What is expected —
Start to finish, return the listing below exactly, pictures excluded.

Dataset excerpt —
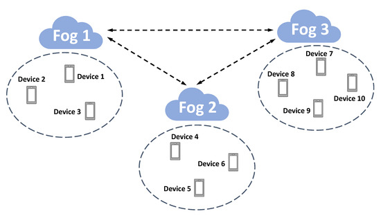 In this subsection, we discuss a concrete example of executing the proposed distributed algorithms in a fog-enabled IoT system.The architecture is illustrated in Figure 2. There are three fog nodes in the system. In Fog Area 1, there are Edge Devices 1–3, Fog Area 2 has Edge Devices 4–6, and Fog Area 3 contains Edge Devices 7–10. Let be the set of neighbors for fog node i; then, it can be seen that , , . Algorithms 1 and 2 run as follows.
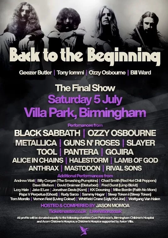 El último show de la historia de Black Sabbath y de Ozzy Osbourne, titulado Back to the Beginning, agotó todas las localidades en cuestón de minutos. El mismo se llevará a cabo en Villa Park de Birmingham el próximo 5 de julio. La banda formará con su formación inicial, integranda por Ozzy, Tony Iommi, Geezer Butler y Bill Ward. Además del número principal, también se presentarán Metallica, Guns N’ Roses, Tool, Rival Sons, Slayer, Pantera, Gojira, Alice In Chains, Halestorm, Lamb Of God, Anthrax, Sammy Hagar, Mastodon y Tom Morello, entre otros invitados. Este último será el director musical del evento.
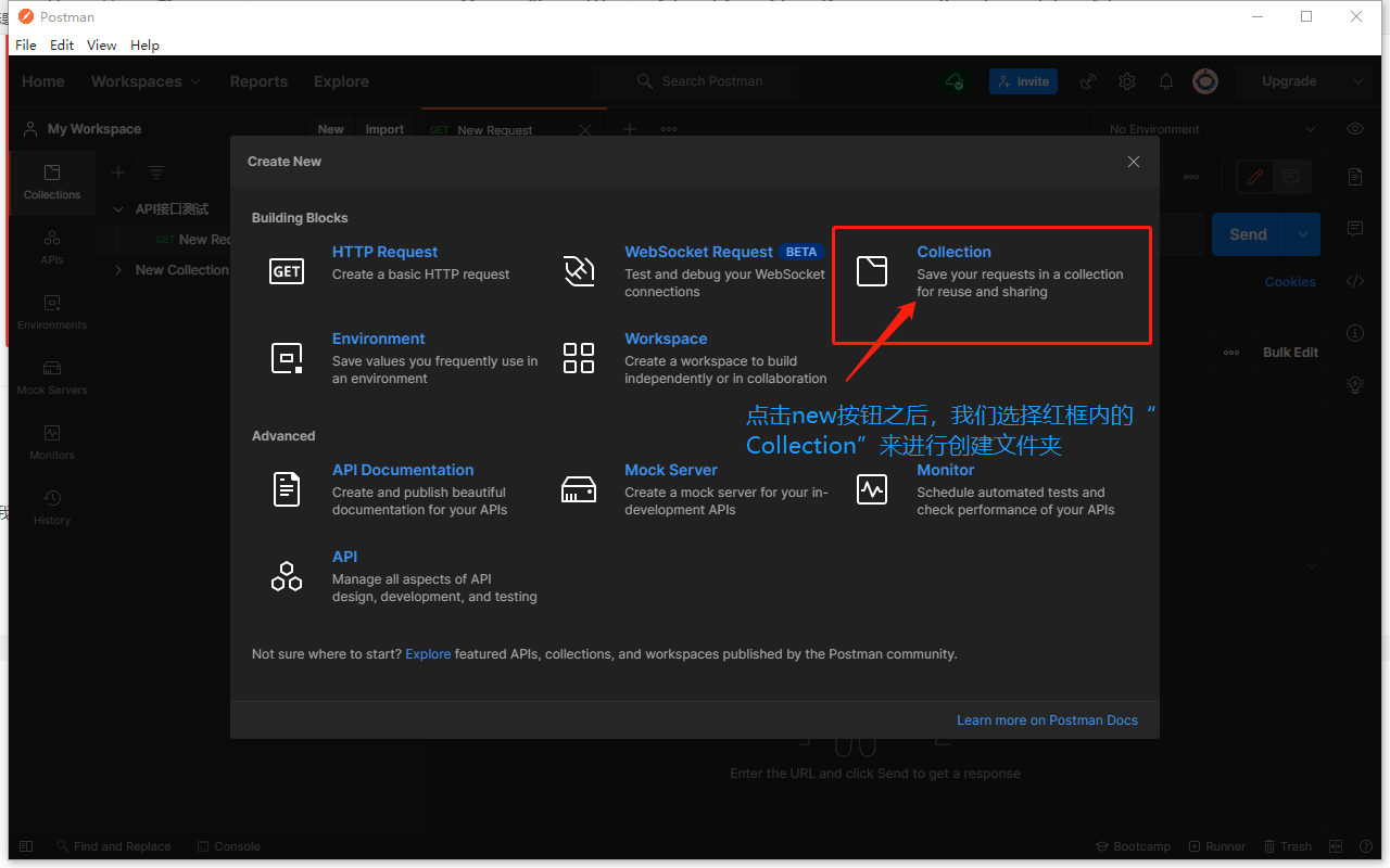 2、打开Postman之后,我们会看到左边模块中有一个“New”按钮,我们点开它来进行下一步操作(如图2所示界面)。
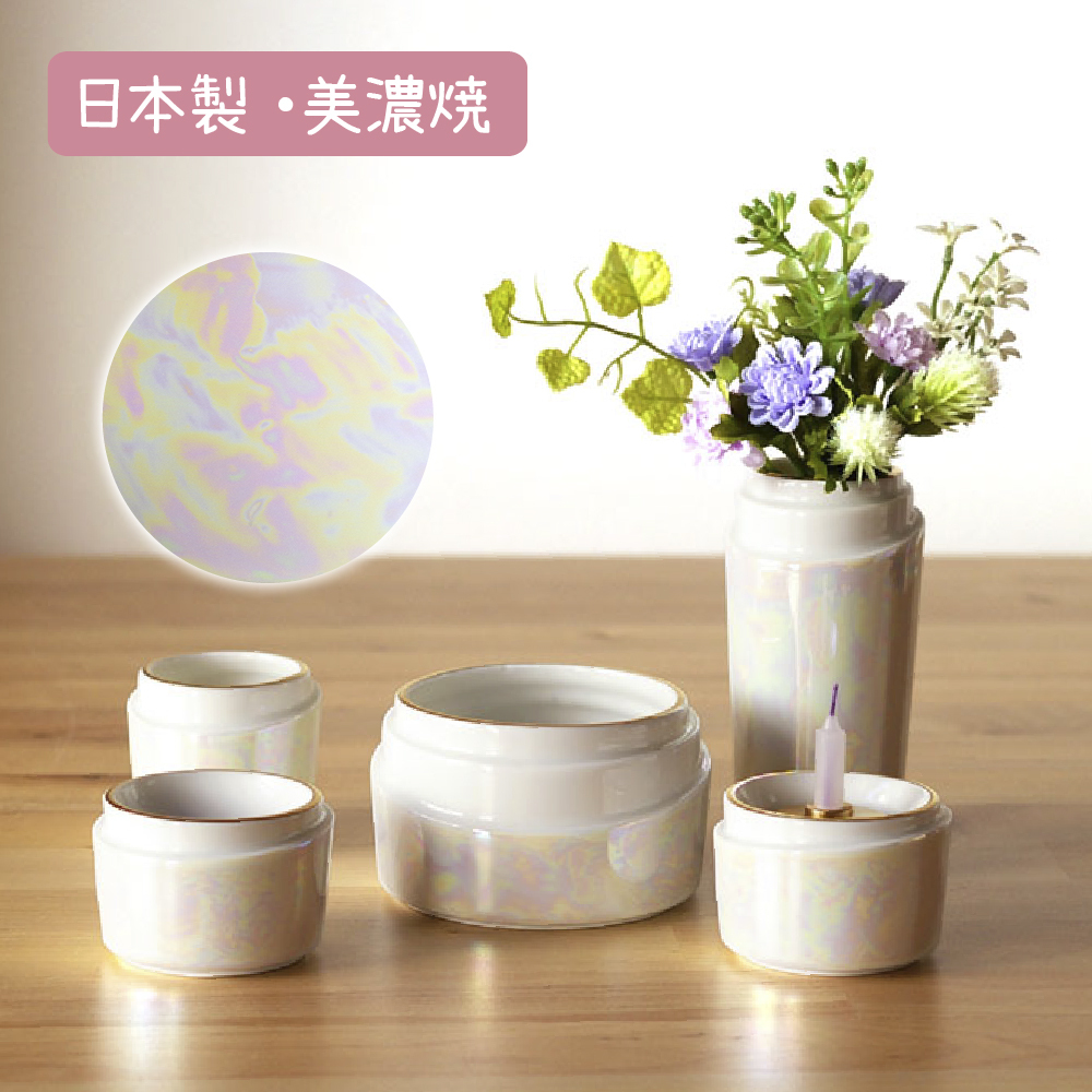 特殊虹彩釉窯燒的日本美濃燒祈念用具組

Solution for this task —
 In this subsection, we discuss a concrete example of executing the proposed distributed algorithms in a fog-enabled IoT system.The architecture is illustrated in Figure 2. There are three fog nodes in the system. In Fog Area 1, there are Edge Devices 1–3, Fog Area 2 has Edge Devices 4–6, and Fog Area 3 contains Edge Devices 7–10. Let be the set of neighbors for fog node i; then, it can be seen that , , . Algorithms 1 and 2 run as follows.
 El último show de la historia de Black Sabbath y de Ozzy Osbourne, titulado Back to the Beginning, agotó todas las localidades en cuestón de minutos. El mismo se llevará a cabo en Villa Park de Birmingham el próximo 5 de julio. La banda formará con su formación inicial, integranda por Ozzy, Tony Iommi, Geezer Butler y Bill Ward. Además del número principal, también se presentarán Metallica, Guns N’ Roses, Tool, Rival Sons, Slayer, Pantera, Gojira, Alice In Chains, Halestorm, Lamb Of God, Anthrax, Sammy Hagar, Mastodon y Tom Morello, entre otros invitados. Este último será el director musical del evento.
 2、打开Postman之后,我们会看到左边模块中有一个“New”按钮,我们点开它来进行下一步操作(如图2所示界面)。
 特殊虹彩釉窯燒的日本美濃燒祈念用具組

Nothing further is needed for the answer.